Records excerpted from a collection

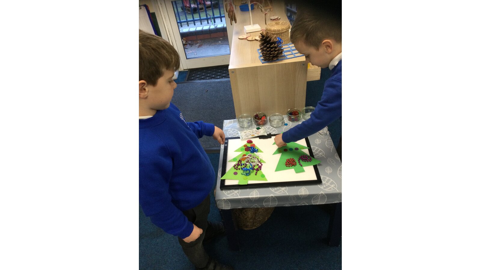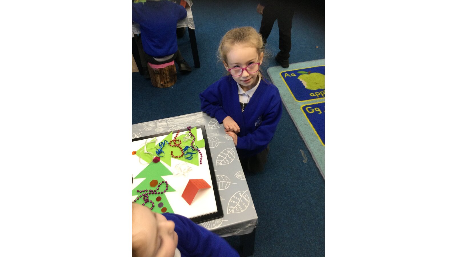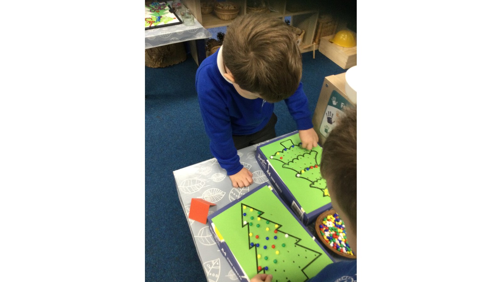 Class 1 have enjoyed all of our Christmas activities this week. They have been practicing their fine motor skills decorating Christmas trees. We have used our maths knowledge by rolling the dice and putting the correct number of shapes on the tree. They have used their wonderful phonics knowledge to write lists for the elf’s workshop. Fantastic work class 1.
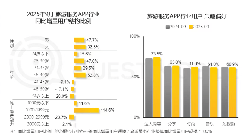 同时,该报告也统计了旅游服务APP行业的用户结构,发现旅游服务行业的年轻用户占比正显著提升,这一人群特征也成为推动大众偏向自主旅游出行的重要因素。以及,年轻群体对达人创作内容、旅行体验分享的关注度与参与意愿,也在持续增强。
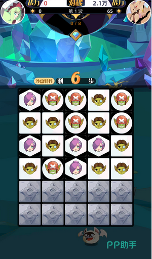 阵容确定之后,就要清除这一局的游戏思路了。小编建议先进行一些普通的消除,然后将这些消除之后产生的角色集中起来,并且疯狂积攒能量,再使用特殊技能产生一个新的领域,最后再拖出这个角色,这个时候我们就拥有了紫色的角色,在战斗阶段基本就是稳赢了。
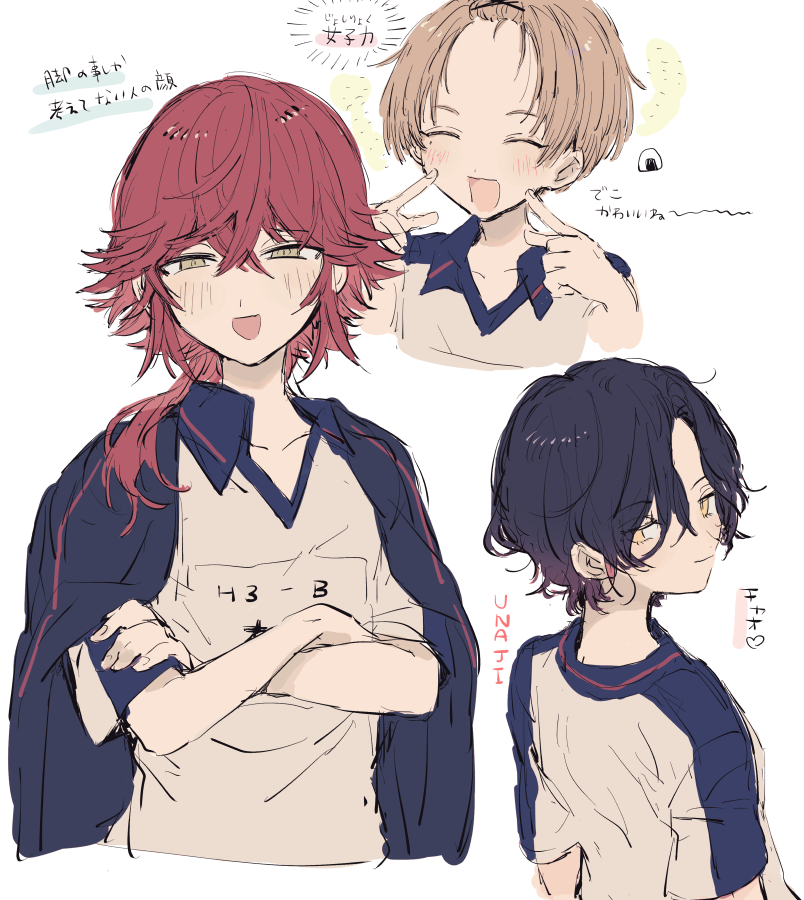 3boys black_hair dankira!!! green_eyes long_hair looking_at_viewer male_focus miki_nozomu mole mole_under_eye multicolored_hair multiple_boys red_hair short_hair sketch sneezecoon translation_request tsubaki_seito white_background yagami_soma yellow_eyes
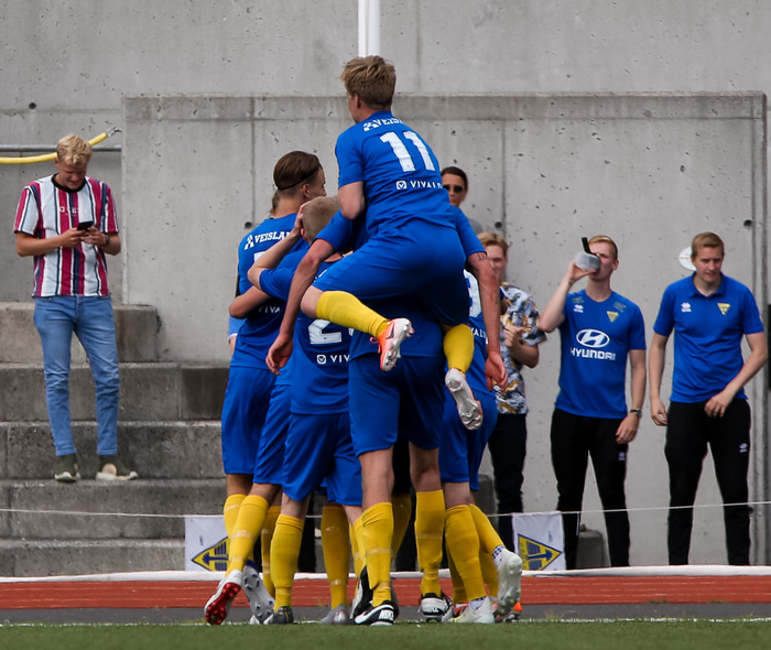 „Ég er ógeðslega sáttur. Mér fannst við betri en þeir. Þeir fengu sín færi en við höfðum tök á leiknum. Þegar þeir minnkuðu muninn þá stigum við upp og kláruðum þetta. Ég hef aldrei verið jafn glaður að setja hann," sagði Sölvi skælbrosandi.
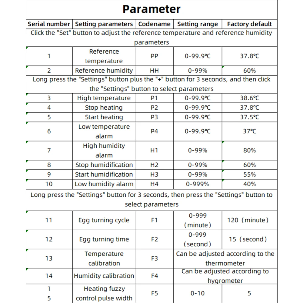 Four digital screens, display hatching countdown, incubation days, temperature and humidity.
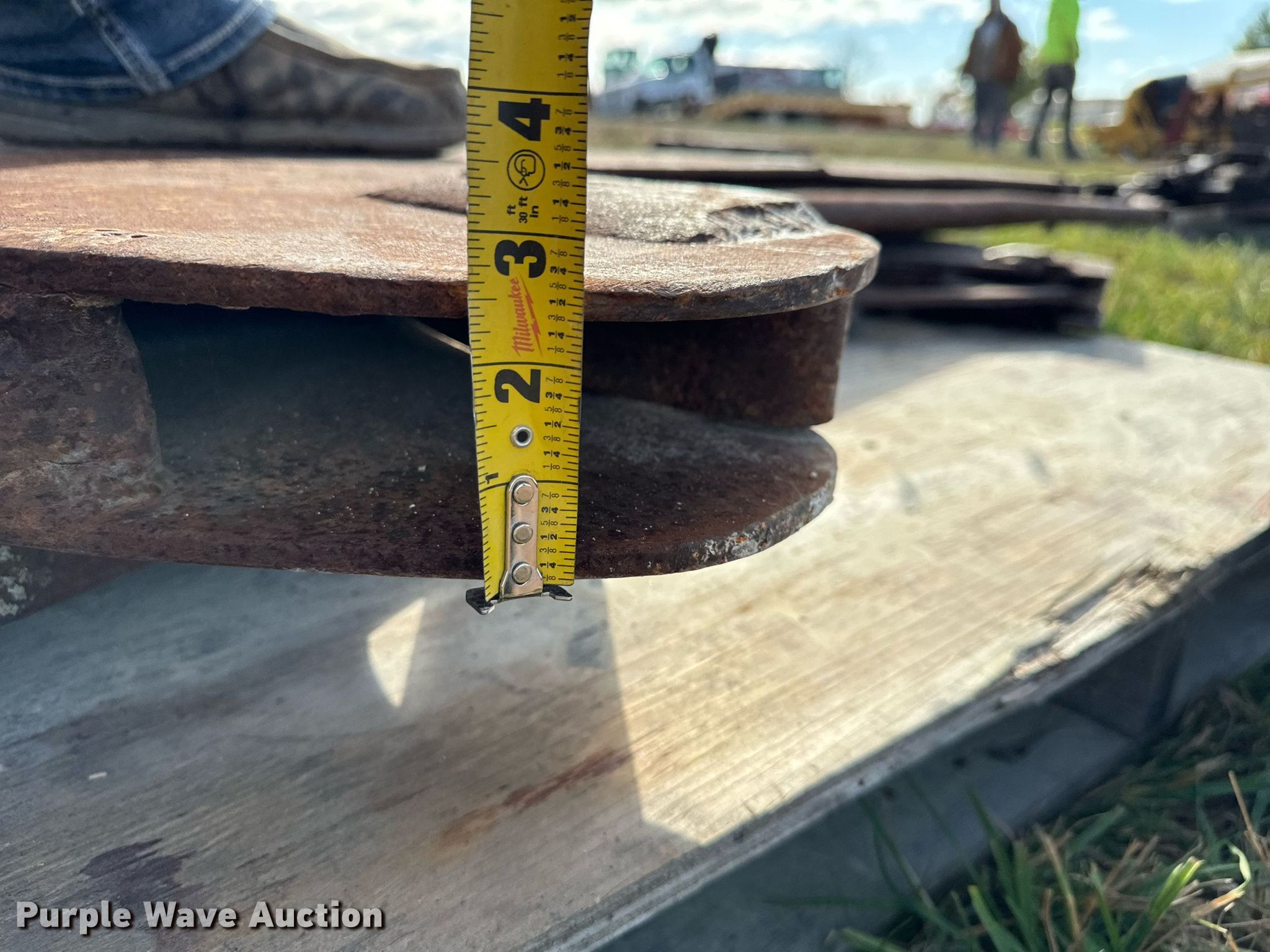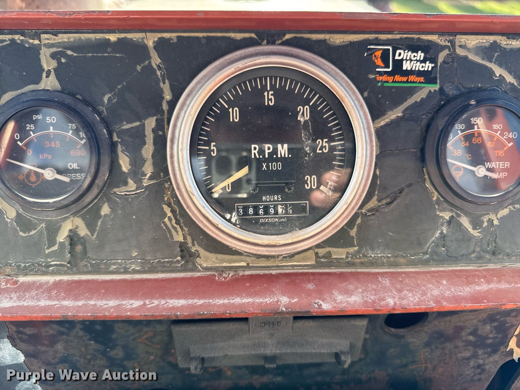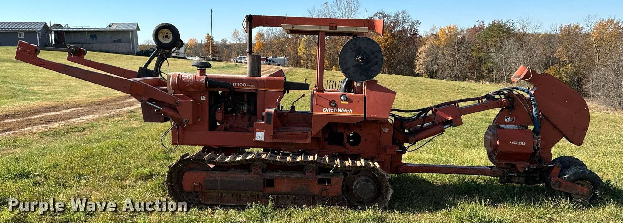 1993 Ditch Witch HT100JD cable plow. Hours: 3,870 on meter, Serial: 6K0029. Engine John Deere, Cylinders: 4, Fuel type: Diesel. Transmission Direct-drive, 3F - 3R. Operators station Canopy, Steering: Joystick. Features Attachments Plow Ditch Witch VP110, Vibratory, Depth: 48", Pipe size: 15", Front cable reel Width: 50".. Plow tires Size: 26x12-12. Tracks Width: 20", Grouser pads: Single, Bottom rollers: 7, Track guards. Notes Flat tire. JJ Vondrum & Sons LLC.. Lancaster, WI 53813
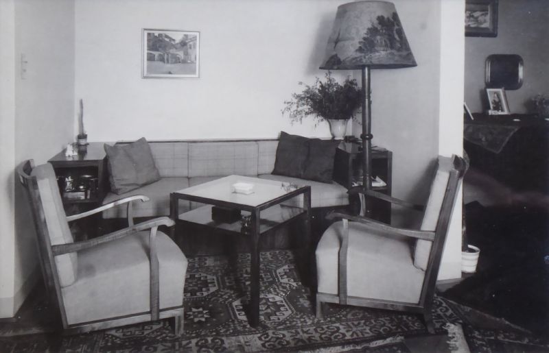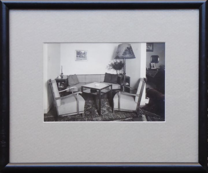 FOTOGRAFIE INTERIÉRU - NÁBYTKOVÉ SESTAVY Československo, 30. léta minulého století. Originální fotografie J. Sudka, pasparta, sklo, dřevěný rámeček. Josef Sudek (1896-1976) byl vnímán jako fotograf poetických zátiší, zahrad, melancholických zákoutí či krajin. Ale zejména ve třicátých letech minulého století působil i jako zakázkový reklamní fotograf. Spolupracoval například i se Spojenými uměleckoprůmyslovými závody v Brně a fotil i nábytek mimo jiné i návrhy slavného designéra Jindřicha Halabaly. Rozměr fotografie 11,8 cm x 17,6 cm. Celkový rozměr s rámem 23,5 cm x 28,5 cm. Černobílá fotografie interiéru se sedací soupravou složenou ze dvou křesel a pohovky se stolkem a vysokou stojací lampou s malovaným širmem a perským kobercem na podlaze. Na zadní straně fotografie razítko: FOTO SUDEK, PRAHA III, ÚJEZD 28. Ve dřevěném úzkém černě mořeném rámečku s paspartou a sklem.
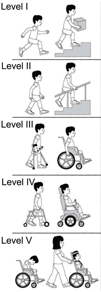 Level I เป็นระดับที่เก่งที่สุด เด็กสามารถเดินได้โดยไม่ต้องมีเครื่องช่วย สามารถขึ้นบันไดได้ โดยไม่ต้องใช้มือจับราวบันได ในขณะที่ระดับ Level II ต้องใช้มือจับราวบันได แต่ก็เดินได้เองไม่ต้องใช้เครื่องช่วย Level III ต้องใช้เครื่องมือช่วยทรงตัวในการเดิน เมื่อเดินทางไกลยังต้องพึ่งรถเข็น โดยเป็นรถเข็นที่สามารถใช้มือตัวเองพารถเข็นไปได้ ส่วน Level IV แย่กว่า ต้องใช้เครื่องช่วยเกาะทรงตัวขนาดใหญ่ และเดินได้เฉพาะระยะทางในบ้านสั้นๆ ต้องใช้รถเข็นพิเศษแบบไฟฟ้า หรือใช้คนช่วยดันรถเข็นไป ส่วนสุดท้ายคือ level V จะเห็นว่าแม้แต่นั่งก็ยังไม่ได้ หลังค่อมงอ ต้องใช้สายรัดรัดลําตัวไว้กับรถเข็น ต้องใช้รถเข็นแบบมีคนช่วยเสมอ

• **Work required**:
An exact transcription is needed of the lines from the one with "同时,该报告也统计了旅游服务" to the one with "1993 Ditch Witch" above, both ends included, with pictures left out.

• **Response to the exercise**:
 同时,该报告也统计了旅游服务APP行业的用户结构,发现旅游服务行业的年轻用户占比正显著提升,这一人群特征也成为推动大众偏向自主旅游出行的重要因素。以及,年轻群体对达人创作内容、旅行体验分享的关注度与参与意愿,也在持续增强。
 阵容确定之后,就要清除这一局的游戏思路了。小编建议先进行一些普通的消除,然后将这些消除之后产生的角色集中起来,并且疯狂积攒能量,再使用特殊技能产生一个新的领域,最后再拖出这个角色,这个时候我们就拥有了紫色的角色,在战斗阶段基本就是稳赢了。
 3boys black_hair dankira!!! green_eyes long_hair looking_at_viewer male_focus miki_nozomu mole mole_under_eye multicolored_hair multiple_boys red_hair short_hair sketch sneezecoon translation_request tsubaki_seito white_background yagami_soma yellow_eyes
 „Ég er ógeðslega sáttur. Mér fannst við betri en þeir. Þeir fengu sín færi en við höfðum tök á leiknum. Þegar þeir minnkuðu muninn þá stigum við upp og kláruðum þetta. Ég hef aldrei verið jafn glaður að setja hann," sagði Sölvi skælbrosandi.
 Four digital screens, display hatching countdown, incubation days, temperature and humidity.
 1993 Ditch Witch HT100JD cable plow. Hours: 3,870 on meter, Serial: 6K0029. Engine John Deere, Cylinders: 4, Fuel type: Diesel. Transmission Direct-drive, 3F - 3R. Operators station Canopy, Steering: Joystick. Features Attachments Plow Ditch Witch VP110, Vibratory, Depth: 48", Pipe size: 15", Front cable reel Width: 50".. Plow tires Size: 26x12-12. Tracks Width: 20", Grouser pads: Single, Bottom rollers: 7, Track guards. Notes Flat tire. JJ Vondrum & Sons LLC.. Lancaster, WI 53813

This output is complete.